In the province of Kurdistan, where Mahsa Amini was born, the regime recently shelled the cities of Piranshahr, Marivan and Javanrud. Unconfirmed Footage live shootout and since then the wounded have appeared from Javanrud. There are reports of several casualties, including a 16-year-old named Karvan Gader Shokri in Piranshehr. Another man was reportedly killed when Islamic Republic forces opened fire on the crowd as the teenager’s body was taken to the mosque.

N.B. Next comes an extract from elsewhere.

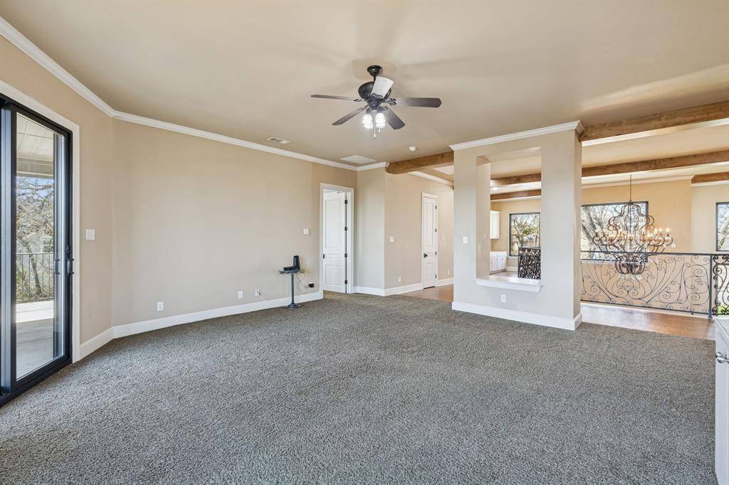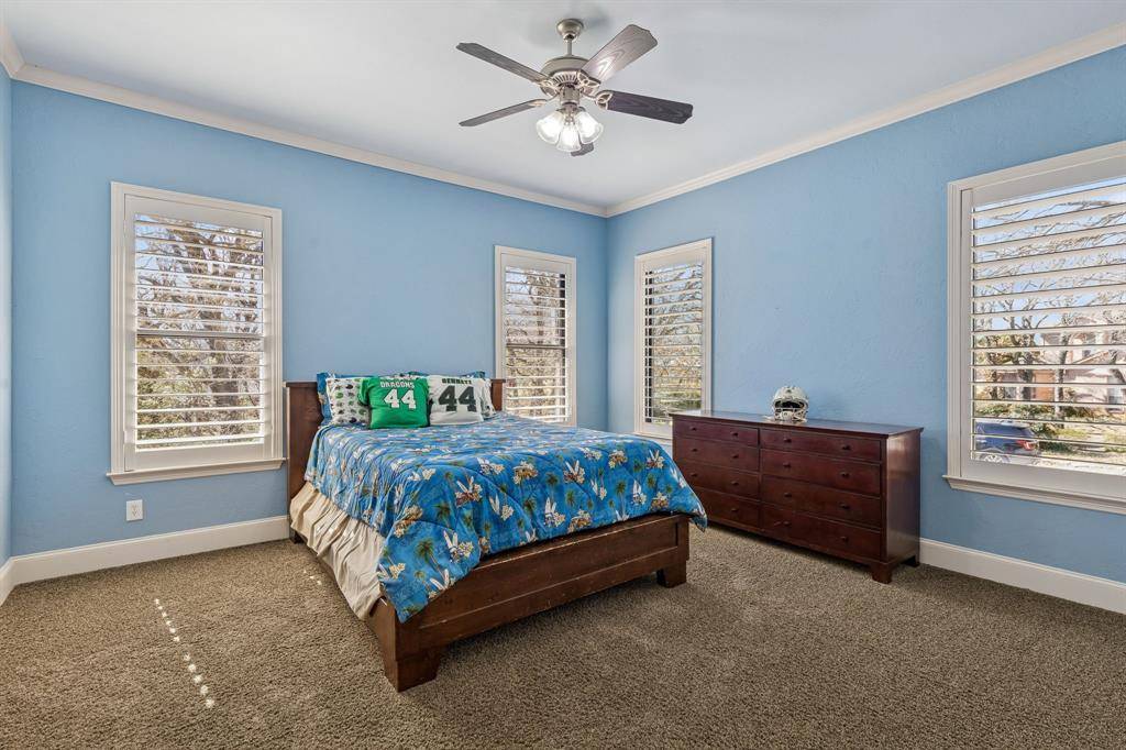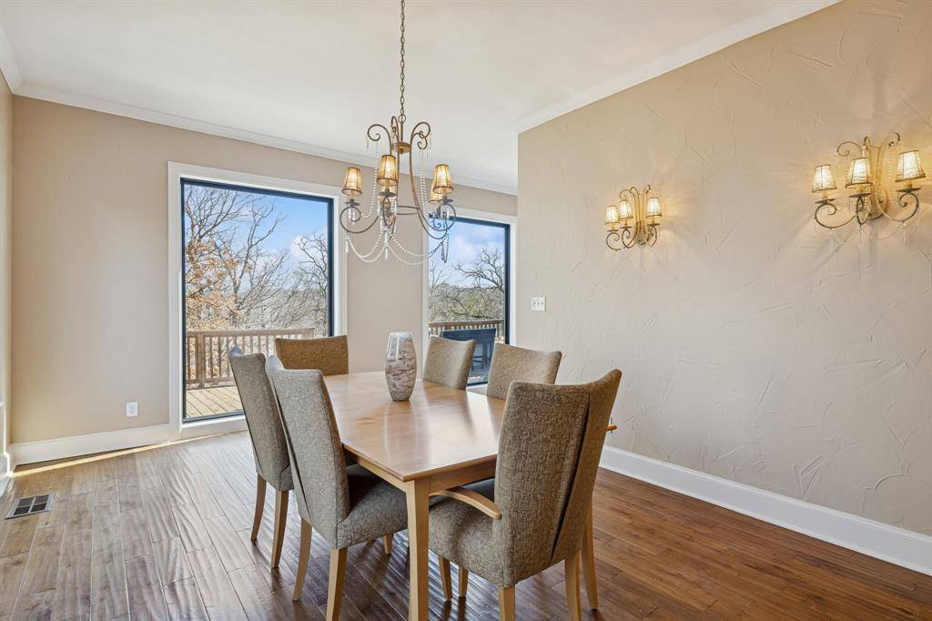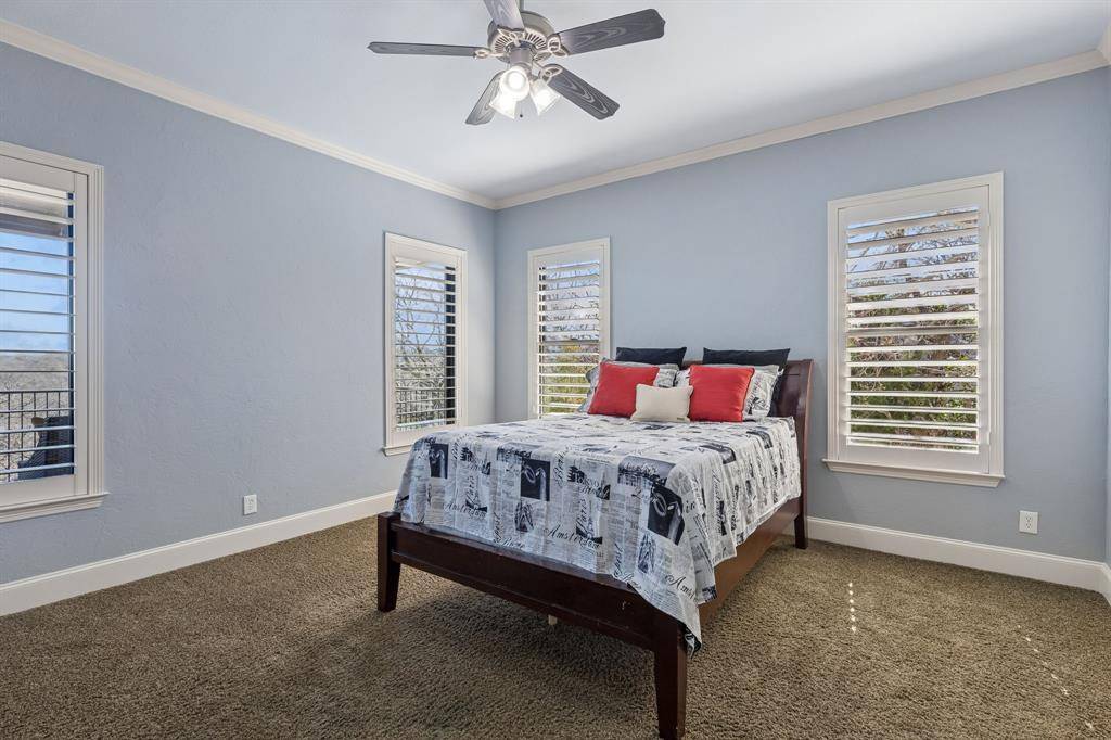 Prized Location! GRAPEVINE LAKE with Corps of Engineers land as your backdrop, plus coveted CARROLL ISD SCHOOLS! An expansive 0.749-acre lakeside retreat delivers the ultimate lifestyle experience, with lake access, scenic trails, and a stunning water view, all crafted for those who crave privacy, natural beauty, and a true resort-like atmosphere. This custom home is thoughtfully designed for effortless living and unforgettable entertaining. The heart of the home is a chef's kitchen featuring Viking appliances, three versatile islands, and a spacious open-concept layout that connects indoor living to the natural beauty just beyond your windows. The upper terrace sets the stage for slow mornings with coffee or unforgettable evenings by the fire, while the oversized deck is ideal for BBQ's and gatherings! All four bedrooms are private Ensuite, generously sized with walk-in closets, and the expansive primary suite offers a true retreat. Two spacious living areas offer plenty of room to spread out, gather, or unwind. The private, fully equipped office offers an ideal work-from-home setup, while dedicated built-in desk space in the bedroom area provides convenient room for homework or everyday tasks. Natural light pours through plantation shutters, framing peaceful views of mature trees from every window and giving the home a calm, tucked-away feel. Out front, enjoy the beauty and ease of low-maintenance artificial turf, plus the convenience of an oversized driveway. This one-owner home is a true celebration of elevated, mindful living in one of North Texas's most scenic cities and neighborhoods. This unique property offers a rare chance to experience lake living, all within minutes of DFW Airport & Meadowmere Park.

In addition to using intimidation, arrests and deadly force to silence the opposition, the regime has imposed massive internet shutdowns.

The international community has widely supported the protesters and condemned the actions of the Iranian regime. French President Emmanuel Macron recently described the protests as a “revolution”. This week, the US imposed targeted sanctions against three Iranian officials in Kurdistan. situation in the Islamic Republic of Iran.

Several athletes who defied the regime have officially apologized for not wearing the hijab, but it also feels like a forced renunciation. Because of this, some Iranians expressed concern for the players and their families. In a country of repression, forced confessions and apologies, the fate of Mellie’s team remains in the balance. What is certain is that their silence during the singing of the anthem has drawn even more attention to the plight of the Iranians on the ground.